I consistently applied these strategies during my two years in Newark, and the hard work paid off. Instead of providing statistics about my students' achievement, I will end with a story (changing the name and some minor details to protect the privacy of the student). During my first year, I worked closely with Kenny, who had one of the biggest, brightest smiles I've ever seen. Kenny struggled with reading and writing, but he loved the daily hands-on activities and the science dance parties, even coming up with several of the more popular dance moves. Kenny was one of my hardest-working students, staying after school several times a week for extra science tutoring. But after taking the state science test in April, he came to me dejected, shaking his head and saying "I can't believe I worked so hard for nothing." When the scores were released several months later, I flipped through them and held my breath when I got to Kenny's results. After taking a deep breath, I called him (he'd started high school by then) and told him to stop by on his way home. We went up to my classroom and I handed him his scores. His smile was the biggest and brightest I've ever seen it when he read the word at the top: "Proficient." After a few rounds of high fives (and a few celebratory science dance moves), Kenny decided to make his way home. On the way out, he bumped into an old teacher of his and showed her the score. "Kenny, I'm so proud of you!" she said, hugging him, to which he replied, "I'm sorry Miss G, but I'm not Kenny anymore - I'm Mr. Proficient." Kenny's story serves as an example of how adopting a strategic approach to science instruction can help any child, like Kenny, become a Mr. or Ms. Proficient.

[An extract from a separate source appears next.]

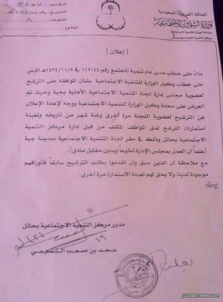 جبة (إخبارية جبة) اصدر سعادة وكيل وزارة الشؤون الاجتماعيه للتنمية الأجتماعيه بإعادة اعلان الترشح لعضوية مجلس إدارة لجنة التنمية الأجتماعيه بمدينة جبه مرة أخرى وذلك لمدة شهر من تاريخ الاعلان الموافق ل 19 / 11 / 1434 هـ، وتعبئة استمارات الترشح لدى الموظف المكلف من قبل إدارة مركز التنمية الاجتماعيه بحائل وذلك في مقر لجنة التنمية الاجتماعيه بمدينة جبه.

Vani Kilakkathi is a Fellow of the Council for Responsible Genetics and a second year student at Harvard Law School.


1. Table 4. Average science scores of 4th-grade students, by education system: 2011, Trends in International Mathematics and Science Study (last visited May 19, 2013),

2. Table 5. Average science scores of 8th-grade students, by education system: 2011, International Mathematics and Science Study (last visited May 19, 2013),

3. Lyndsey Layton & Emma Brown, U.S. students continue to trail Asian students in math, reading, and science. The Washington Post (Dec. 11, 2012),

4. E.g., 2011 NAEP Science Scores, Achievement Levels, and Achievement Gaps, Education Week (last visited May 19, 2013), naepscience_charts.html.

5. I was member of Teach For America's 2008 Newark corps.

6. Wilhelmina A. Leigh & Malinda A Lindquist, Women of Color Health Data Book 15 (1998).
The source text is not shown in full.